SUMMARY: Fred Thompson says Mike Huckabee raised lots of taxes in Arkansas. Huckabee responds that he cut taxes "almost 100 times." We find Thompson on solid ground but Huckabee stretching the truth.

The critics call him "tax-hike Mike."

Ever since he set up his committee to explore a run for the presidency, Mike Huckabee has been drawing fire from the fiscally conservative and very vocal Club for Growth.

The nonprofit group and its political action committee often target political candidates who don't live up to the group's standards of low taxes and low spending. In the presidential race, the club is giving special attention to Huckabee, going so far as to set up a Web site (www.taxhikemike.org) to post attacks on the former Arkansas governor's fiscal record.

As Huckabee has moved up in the polls, his Republican rivals have made similar attacks.

In an appearance on the Fox News Channel on Nov. 5, Fred Thompson said Huckabee was "one of the highest taxing governors that we had in this country and rivaling Bill Clinton in terms of the Cato ratings, and getting a D when Clinton got a D and getting an F for part of his administration."

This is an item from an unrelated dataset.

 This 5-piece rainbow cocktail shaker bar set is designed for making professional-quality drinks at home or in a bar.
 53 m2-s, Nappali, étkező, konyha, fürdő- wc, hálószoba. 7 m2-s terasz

Thompson is correct that Huckabee is not exactly a darling of fiscal conservatives. When he became governor in 1996, Huckabee touted his aversion to taxes. But over the next 10 years, he became increasingly willing to compromise with the state's Democratic-led Legislature on fiscal issues.

Thompson cites information from the Cato Institute, a conservative think tank that issues biannual "Report Cards" for governors based on their tax and spending records. In 1998, two years into his governorship, Huckabee received a B from Cato, which praised him for instituting a large, broad-based tax cut package in the previous year.

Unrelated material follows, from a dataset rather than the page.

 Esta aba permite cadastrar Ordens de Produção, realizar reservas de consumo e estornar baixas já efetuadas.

However, Huckabee's Cato grade steadily dropped from there: The group gave him C's in 2000 and 2002, a D in 2004 and finally, as Thompson states, an F in 2006. In its report last year, the organization declared that Huckabee "went from being one of the best governors in America to one of the worst. ... The main reason for the drop was his insistence on raising taxes at almost every turn throughout his final term." Because of this drop, Cato gave him a D for his 10-year career as governor.

As governor, he supported quite a number of tax increases, including hikes in the state sales tax, a cigarette and tobacco tax and a nursing home bed tax, to name just a few. The per capita tax burden in state and local taxes rose in Arkansas by 47 percent between 1997 and 2005.

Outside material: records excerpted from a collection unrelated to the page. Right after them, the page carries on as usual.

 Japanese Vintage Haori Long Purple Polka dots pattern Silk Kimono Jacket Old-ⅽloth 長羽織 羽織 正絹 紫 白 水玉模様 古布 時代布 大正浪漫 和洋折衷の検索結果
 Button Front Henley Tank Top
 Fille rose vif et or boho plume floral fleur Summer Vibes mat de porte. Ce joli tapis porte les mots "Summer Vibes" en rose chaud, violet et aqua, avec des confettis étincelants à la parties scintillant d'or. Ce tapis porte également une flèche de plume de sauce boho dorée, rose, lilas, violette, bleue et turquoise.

Huckabee's careerlong grade does, as Thompson states, match the D Bill Clinton earned in 1992, his last year as Arkansas' governor, and the D grade the group awarded the Clinton-Gore administration in 2000.

It's worth noting that the fiscal reports done by Cato factor in spending policy as well as tax history, according to Stephen Slivinski, who produces the fiscal report cards. In 2006, Slivinski's team gave Huckabee the lowest grade of any governor when it came to tax policy.

Thompson called Huckabee "one of the highest taxing governors," and it's hard to dispute that. Again, though, as a point of clarification, that doesn't mean Arkansas has the nation's highest tax burden. According to the Tax Foundation, a nonprofit research organization, Arkansas residents have the 13th-highest state and local tax burden in the nation. That is, however, a significant jump from the No. 30 spot the state held when Huckabee became governor.

We find Thompson's claim to be Mostly True.

Huckabee has a retort when he's accused of raising taxes. In the summer of 2007, the club ran a TV ad in Iowa comparing Huckabee to his Democratic predecessor Bill Clinton and calling him a "tax-and-spend liberal." Huckabee fired back with a news release:

"As governor of Arkansas, I cut taxes and fees almost 100 times, saving the taxpayers almost $380-million. I left a surplus of nearly $850-million, which I urged should go back to the people. ... I pushed through the Arkansas Legislature the first major, broad-based tax cuts in state history — a $90-million tax relief package for Arkansas families."

But Huckabee's response has glossed over some facts.

The Arkansas Democrat-Gazette , a Little Rock newspaper, obtained a list of the nearly 100 tax cuts passed during the governor's tenure and found they included such small-change items as a sales-tax break for manufacturing machinery amounting to $500 a year and a tax exemption for county fairs that cost the state $15,000 a year.

Whitney McLaughlin of the Arkansas Department of Finance and Administration confirmed the Democrat-Gazette's budget numbers for PolitiFact. During Huckabee's tenure, taxes or fees were cut 90 times, which did reduce tax revenue by about $380-million. The paper concluded that Huckabee doesn't deserve credit for all of those cuts, noting that all but one required a vote from the Legislature, and most were the product of larger negotiations between the branches of government.

The one tax cut Huckabee undoubtedly had his hands on was a $90.6-million income tax reduction enacted in his second year as governor. His administration did, as he says, leave the state with an $844.5-million budget surplus (as of March 2007) that the current government is now figuring out how to dispose of. And Huckabee did advocate for sending rebates to taxpayers in 2006, when the year's surplus was expected to be $332-million.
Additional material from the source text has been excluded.